If you want to learn more about Citus on Microsoft Azure, read this post about Hyperscale (Citus) on Azure Database for PostgreSQL.
This week at RailsConf, we found ourselves sharing a lot of tips for using PostgreSQL with Rails. We thought it might be worthwhile to write up many of these and share more broadly. Here you’ll find some tips that will help you in debugging and improving performance of your database from your Rails app.
And now, on to the code.
Manage long running queries with statement time-outs
Long running queries can have all sorts of negative impact on your database. Whether running for hours or even several seconds they can hold locks, queue up WAL, or just consume a lot of system resources. Postgres makes it easier to have a bit more safety around this with a default statement timeout. What’s nice is you can set a default such as 5 seconds shown here, any query that then runs longer than 5 seconds will be killed:
production: url: <%= DATABASE_URL %> variables: statement_timeout: 5000
Should you need a query to run longer within the database session you can set a custom statement timeout just valid for the current connection:
class MyAnalyticsJob < ActiveJob::Base queue_as :analytics def perform ActiveRecord::Base.connection.execute “SET statement_timeout = 600000” # 10 minutes # ... ensure ActiveRecord::Base.connection.execute “SET statement_timeout = 5000” # 5 seconds end end
Finding misbehaving queries
Rails abstracts away a lot of things when interacting with your database. That can be both a good and a bad. Postgres can show you long running queries, but as your Rails app grows that doesn’t by itself give you everything you need to solve the problem. To know where the query originated from there’s one particularly handy gem marginalia which will log exactly where your query came from. Now when you see some query that is wrong, or running too slow, or could just be removed you know exactly where to go in your code to fix it:
Account Load (0.3ms) SELECT `accounts`.* FROM `accounts` WHERE `accounts`.`queenbee_id` = 1234567890 LIMIT 1 /*application:BCX,controller:project_imports,action:show*/
Getting a high-level overview of database queries
Often you need a high-level picture of what is currently going on in your database.
pg_stat_statements is a Postgres extension that comes pre-installed in cloud environments like Citus Cloud, and allows you to see which queries have been running since the last statistics reset, and how they were performing.

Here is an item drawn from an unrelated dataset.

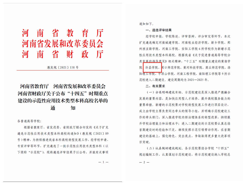 近日,河南省教育厅、河南省发展和改革委员会、河南省财政厅印发《关于公布“十四五”时期重点建设的示范性应用技术类型本科高校名单的通知》(教发规〔2021〕158号),公布遴选评审结果,bet36体育在线顺利入选河南省“十四五”时期重点建设的示范性应用技术类型本科高校,进入二期建设阶段,建设周期为2021—2025年。

For example, to see the 10 most time consuming queries, and their average time, do the following:
SELECT query, total_time / calls AS avg_time FROM pg_stat_statements ORDER BY total_time DESC LIMIT 10;
If you enable “track_io_timing” on your Postgres database, this also allows you to see whether you are bottlenecked on CPU or I/O performance. You can read more on pg_stat_statements here
Taking advantage of advanced features
By default Rails uses a file called
schema.rb to store a copy of the database schema, typically used to initialize the database before running tests. Unfortunately, many advanced Postgres features, like functional and partial indices, as well as multi-column primary keys, can’t be represented in the DSL used for that file.
Instead, it makes sense to switch to having Rails generate and use the “db/structure.sql” file, which you can do like this:
# Use SQL instead of Active Record's schema dumper when creating the database. # This is necessary if your schema can't be completely dumped by the schema dumper, # like if you have constraints or database-specific column types config.active_record.schema_format = :sql
Under the hood this uses Postgres’ pg_dump format, which can be a bit verbose at times, but ensures you get the complete database structure restored. If you find yourself running into issues with overly long diffs, you might want to take a look at activerecord-clean-db-structure.
Watch out for complex transactions locking against each other
Rails likes to put everything in a transaction, especially when using before_save hooks and multi-level relationships between models. There is one important caveat to watch out for with transactions, which can bite you as you scale out. In a transaction like the following:
BEGIN; UPDATE organizations SET updated_at = ‘2017-04-27 11:31:03 -0700’ WHERE id = 123; SELECT * FROM products WHERE store_id = 456; --- More statements here COMMIT;
The first UPDATE statement will start holding a row-level lock on the
organizations row with id
123 as soon as you issue it, until the COMMIT happens.
Imagine another request for the same organization coming in (e.g. from a different user), making a similar transaction. Typically that other request will have to wait for the transaction to commit, in order to be able to proceed, slowing down the response time. To fix this, it often helps to rearrange the transaction so UPDATEs happen towards the end, as well as consider pulling out changes to timestamp fields to happen outside of the transaction, after the main work has been done.
In order to find problems like this earlier, you can set “log_lock_waits = on” in PostgreSQL.
Keep a handle on your database connections
Rails by default maintains a pool of connections to your database. When a new request comes in it will take one of the connections from the pool and give it to your application. As you scale your Rails app this can result in hundreds of open connections to your database, though in reality only a portion of them are doing work. The key here is to use a connection pooler like pgBouncer to reduce the active connections to your database. A connection pooler will open up connections when transactions are active as opposed to passing on the idle ones that aren’t doing any work.